Look beyond insurance

There is no substitute for the ability to transfer millions of dollars of financial risk at a price that represents a small fraction of the potential loss exposure. Nor are insurers standing still — there are dynamic and mature markets in areas that essentially didn’t exist a decade ago. But insurance is not a particularly elegant way of dealing with matters such as damage to reputation, regulatory sanctions or destruction of market capitalization

Loss control may need to expand into new realms. Most organizations have a reasonably effective and sophisticated loss control function, but it’s probably assigned to specific areas such as facility fire protection and enforcement of key safety policies and practices. What about ensuring a respectful work environment or compliance with trade sanctions? How about privacy and security awareness? Has the practice addressed processes and organizational dynamics, as opposed to claim-based subject matters?
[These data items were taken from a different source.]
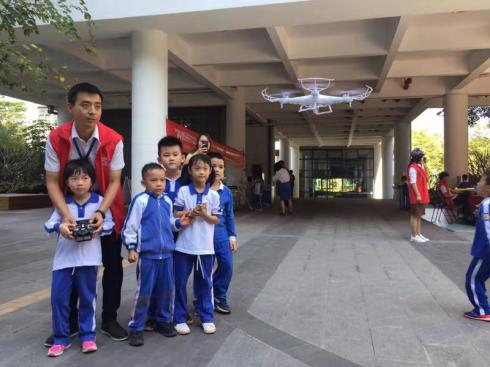 活动现场,每个展品和互动都以看似简单的形式揭示着有趣深奥的科学原理。无人机启动、腾飞、避障、悬停、降落......在全球鹰(深圳)无人机有限公司飞手的操控下无人机自由穿梭在球场上空,引得同学们阵阵欢呼。配合无人机讲堂讲解,同学们在精彩的视觉体验中了解了无人机发展历程,收获了无人机结构、分类、飞行技能等知识,为同学们打开正确操控无人机的大门。
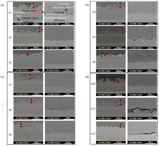 Cross-sectional microscopic morphology from matrix to ceramic film surface. (a) Sample#1–#3. (b) Sample#4–#6. (c) Sample#7–#9. (d) Sample#10–#12.
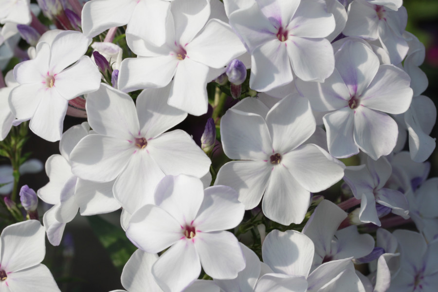 Рассада флокса метельчатого Жуковский порадует привлекательной окраской соцветий и их нежным ароматом. Крупные цветы состоят из белых лепестков, на поверхности которых проступают сиренево-фиолетовые штрихи. Этот изящный сорт подходит для одиночных и групповых посадок.
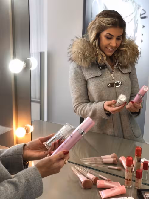 Evite ao máximo os produtos denominados Mate. Eles são mais secos, tanto na sua composição como no toque. Assim, os batons mates, bases mates tendem a ressecar a pele, e evite os pós compactos pois podem te deixar com o aspecto craquelado, finalize somente com blush e iluminador. A escolha certa é por produtos à base de água, cremosos ou com hidratante, que além de maquiar vão cumprir a função de nos proteger e ainda cuidar da pele.
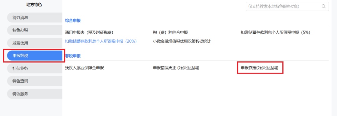 点击【地方特色】-【申报纳税】-【申报作废(残保金适用)】。
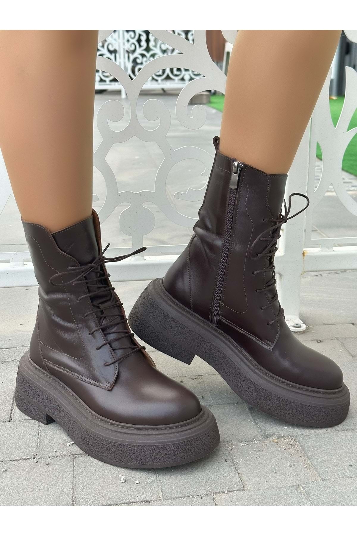 Kadın Kahverengi Bağcıklı Hakiki Deri Bot 20227 Kadın Kahverengi Bağcıklı Hakiki Deri Bot 20227 MLRA20227 40
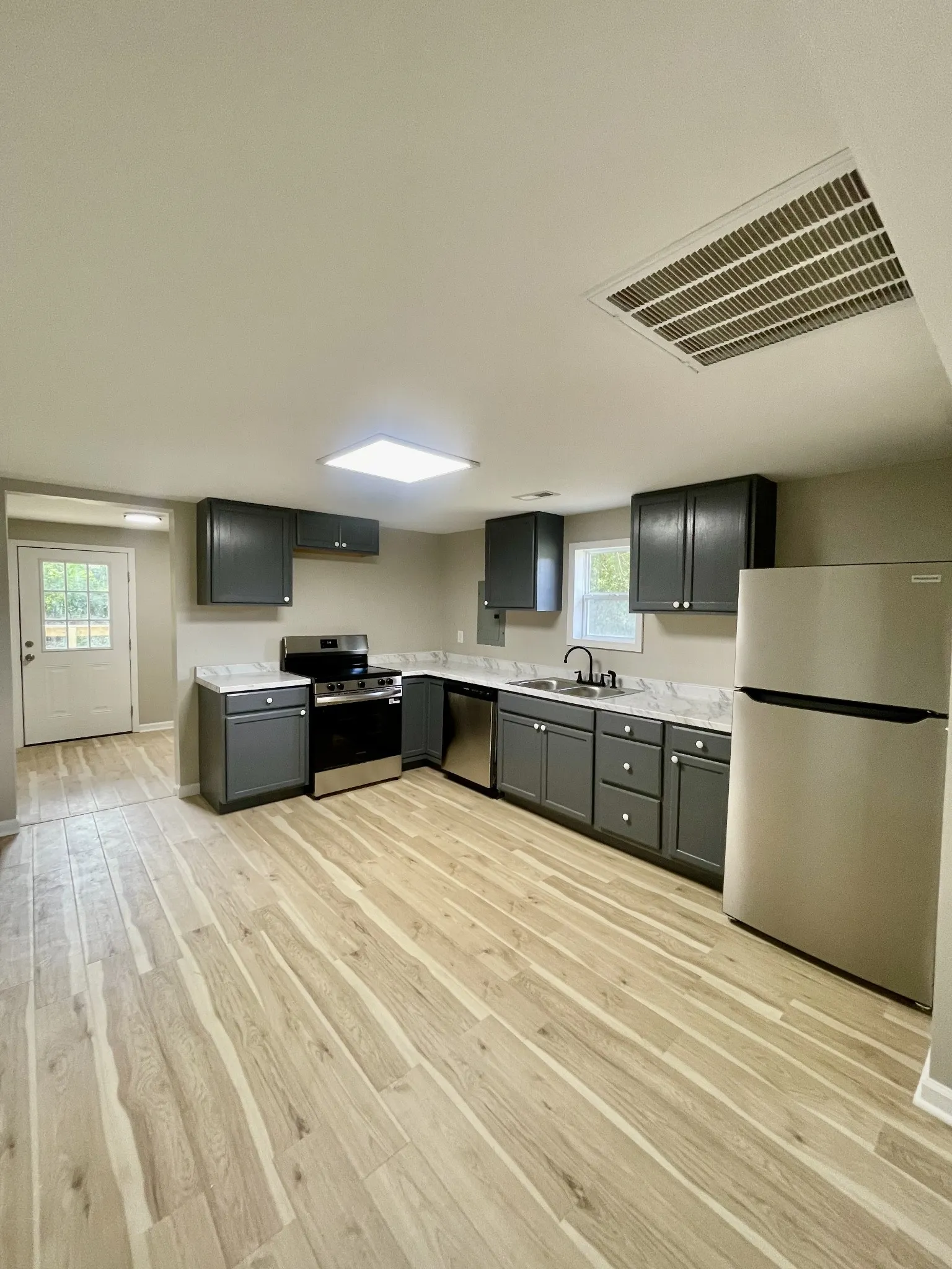 What a perfect starter home! This 2 bedroom, 1 bath home has been completely gutted and renovated. The open floor plan makes this home feel spacious. You will enjoy a separate laundry room and a large deck on the back of the house. Brand new unit, roof, windows, stainless appliances, hot water heater, are just a few of the bonuses in this like new, functional home.
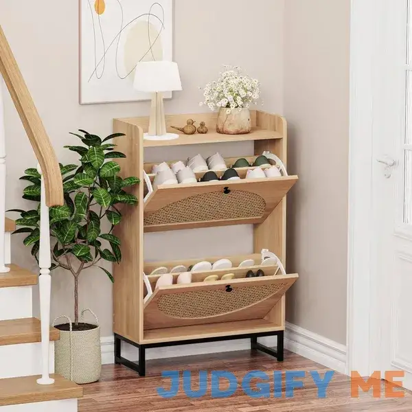 Kfo Shoe Cabinet with 2 Handmade Natural Rattan Flip Drawers
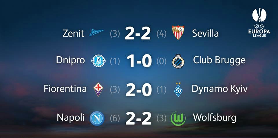 Така четирите полуфиналисти в Лига Европа са Днипро, Севиля, Наполи и Фиорентина. Жребият ще бъде изтеглен утре в Нион (Швейцария).
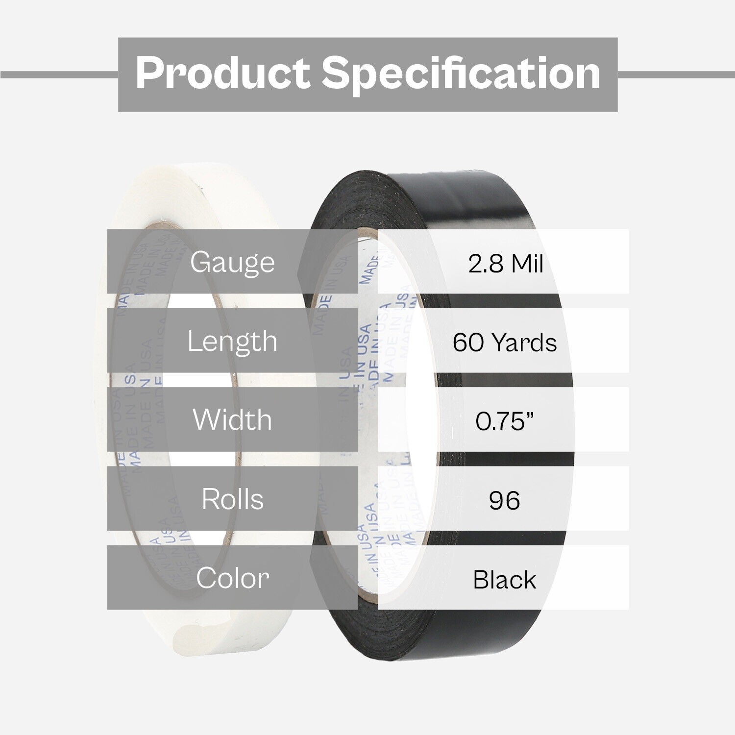 как выглядит Black Adhesive Packing Tapes Strapping Tape 2.8 Mil 3/4" x 60 Yards 96 Rolls фото
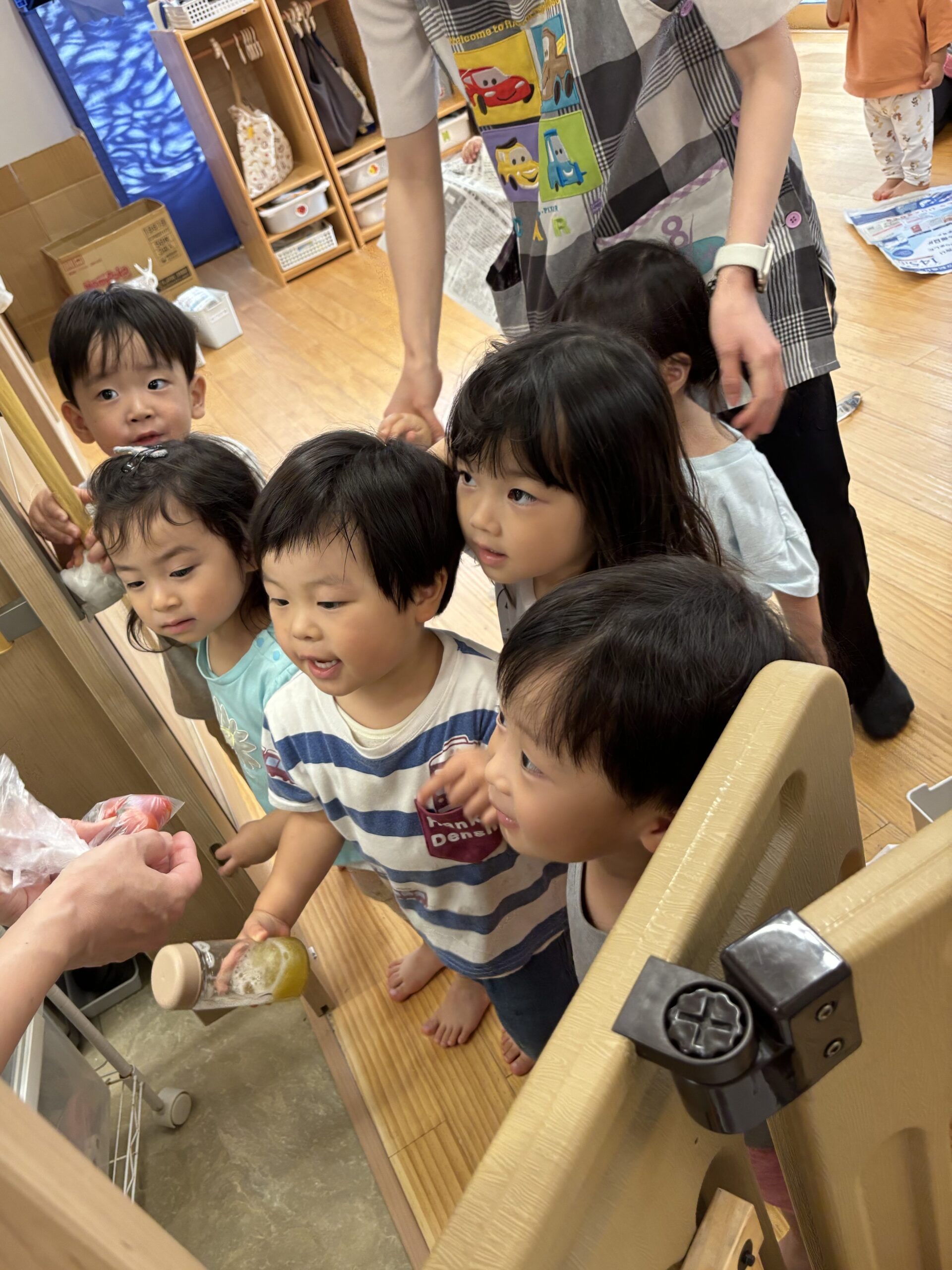収穫が終わり室内に戻ると、お部屋にいた保育者やお友だちに一生懸命報告するあめ組さん。
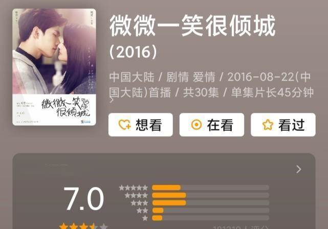 鄭爽和楊洋主演的《微微一笑很傾城》評分7分,排名第4。
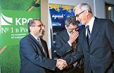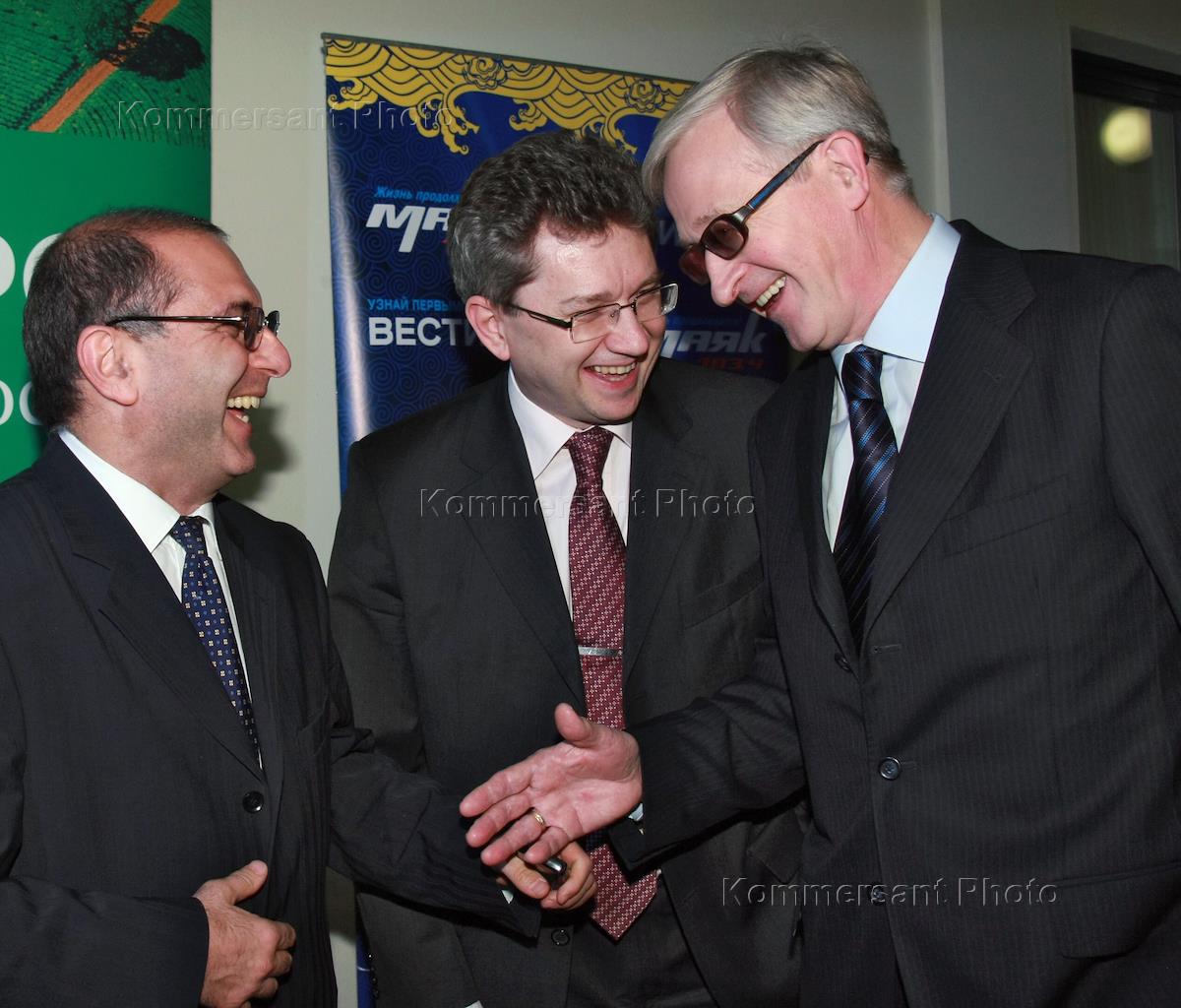 Слева направо: президент Ассоциации Банков Центральной России Гарегин Тосунян, президент Московской международной валютной биржи (ММВБ) Константин Корищенко, президент Российского союза промышленников и предпринимателей (РСПП) Александр Шохин перед началом церемонии вручения премии журнала "Итоги" "День Банкира 2008" в гостинице "Балчуг Кемпински".
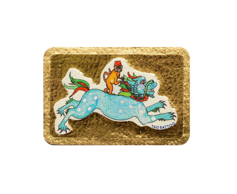 - This Chinese Foo-Lion and his monkey rider embossed on gold is deliciously quirky and full of fun and good omens.
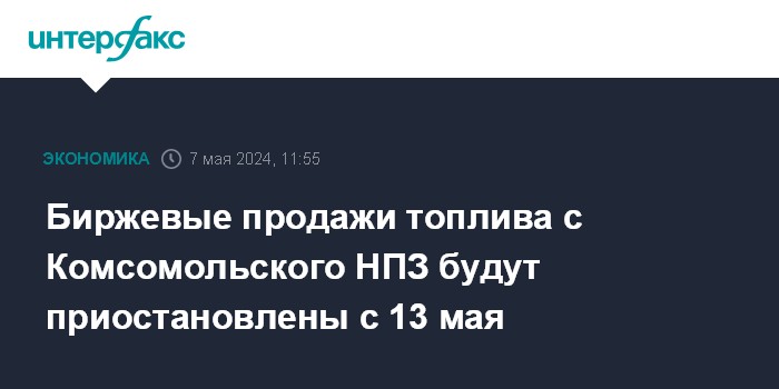 Биржевые продажи топлива с Комсомольского НПЗ будут приостановлены с 13 мая
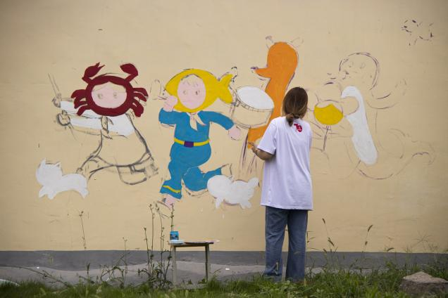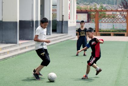 下午志愿者们兵分两路,一队带领孩子们开展趣味运动会,另一队进行墙绘。志愿者与孩子们一起玩“贴膏药”游戏。游戏结束后,孩子们在志愿者的带领下进行踢足球前的热身运动,以防孩子们在运动中受伤。通过这次的运动会,孩子们增进了与志愿者之间的友谊,丰富了课余生活,充分展现了小朋友的青春活力。另一边马继鑫老师带领志愿者们在操场东墙进行“百年建党,逐梦向前”墙绘活动的起草工程,将建党100周年标志、党徽、天安门等红色元素融入墙绘中,弘扬党的思想,传承红色基因,让红色精神影响到每一个人。伴随着晚霞的到来,第一天的正式支教活动也逐渐落下帷幕。
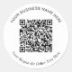 Adesivo redondo de promocional moderno para a sua empresa ou organização. Insira o endereço de URL do seu site para criar um código de QR digitalizável vinculado ao seu site e adicione duas linhas de texto, como o nome e o slogan da sua empresa.
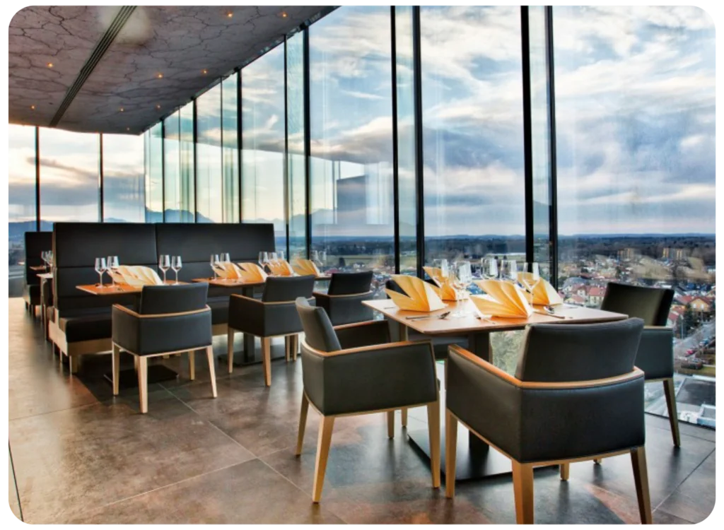 Gesellschaftsabend mit 3-Gänge-Menü und Weinbegleitung bei tollem Panorama über Salzburg.
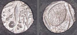 | Description / विवरण | Descrpn./Obv In the centre, a chhatra with Sa and Ta in Gurumukhi script on the left and right of its shaft; traces of the Persian legend seen on the obverse of the bigger Nanakshahi coins of Amritsar mint are also seen. Descrpn./Rev Big peepal leaf and traces of the Persian legend seen on the reverse of the bigger Nanakshahi coins of Amiritsar mint - Shri Amritsarjiv zarb [VS Year] Takht maimanat julus manus Akal Bakht. Especially traces of alif of Akal and te of Takht and maimanat are seen |
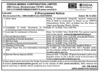 Hiring of machineries alongwith required manpower, POL & O&M for preparation of Stacks as per OMPTS (Amendment) Rules, 2021 at Daitari Iron Ore Mines in Jajpur and Keonjhar District, Odisha.
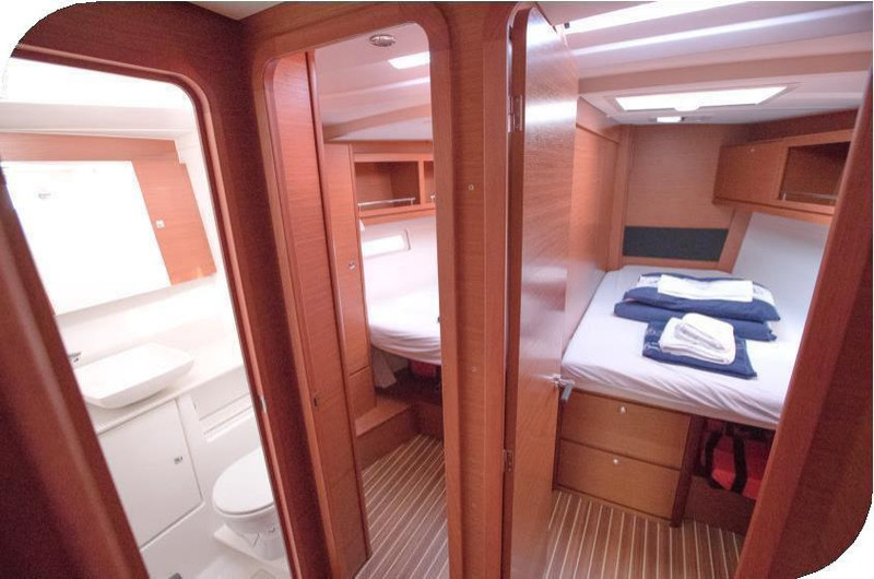 * Skipper cabin in bow with single bed, manual toilet and washbasin
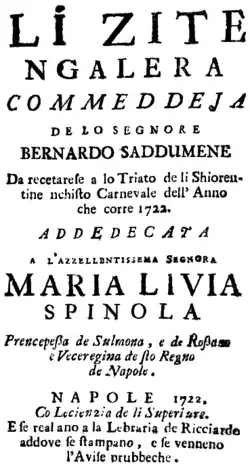 Li zite 'ngalera (The Newlyweds on the Galley)[1] is a commedia per musica in three acts by the Italian composer Leonardo Vinci, first performed at the Teatro dei Fiorentini, Naples, on 3 January 1722. The libretto, by Bernardo Saddumene, is written in the Neapolitan language which characterizes it as commeddeja pe mmuseca.
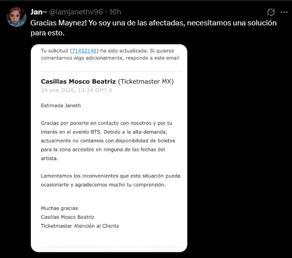 Este lance se da en medio de una intensa ola de quejas públicas que han rodeado la venta de entradas para los conciertos de BTS. La preventa, caracterizada por fallas técnicas, colapsos en los servidores y largas filas virtuales, ha dejado a millones de fans sin acceso a boletos y ha motivado denuncias tanto ante la Procuraduría Federal del Consumidor (Profeco) —donde Máynez y seguidores han documentado irregularidades adicionales relacionadas con la preventa exclusiva para miembros de ARMY— como, ahora, ante el CONAPRED por posibles violaciones a derechos de inclusión y no discriminación.
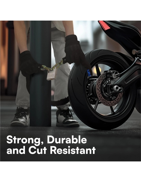 - Costruzione Robusta: le maglie della catena sono realizzate in acciaio al boro manganese temprato con triplo trattamento termico, resistenti e difficili da rompere. La larghezza interna ridotta difende ulteriormente da attacchi con leva

Technology tools must be proactive while promoting efficiency. Organizations certainly need top-notch risk management information systems to deal with financial audits, internal reporting and endless demands from customers and counter-parties for certifications and attestations. But these systems and their analytical tools are fundamentally reactive: They record and report on matters that have already occurred. If the risk manager is going to deal with a new spectrum of issues at the same time that budgets are frozen and expectations are heightened, tomorrow’s risk management technology must offer time-saving efficiencies, bring forth insights and resources not previously available, help ensure compliance, and enable risk assessments before, not after, losses occur.

Align with corporate strategy

Finally, risk management ultimately must be incorporated into corporate strategy. If the organizational mindset reflects a deep split between “hazard” losses (which are the province of the risk manager) and “strategy” risks (where the risk manager is not even part of the dialogue), then a profound spectrum of loss exposure is most likely under-addressed. If this dichotomy is preserved, there is little likelihood of the risk manager being regarded as a critical resource, let alone part of the executive leadership team. The organization’s senior leaders are just as busy as the risk manager, and they might welcome some insightful advice concerning how to enhance the corporate strategy risk dialogue.

In these and other ways, the changing risk environment presents not just new challenges, but new opportunities. When seen in this light, there has never been a better time for the risk manager to be a difference-maker who reduces costs, improves the organization’s risk profile and ensures that people go home safely so that they can continue to pursue their mission and aspirations.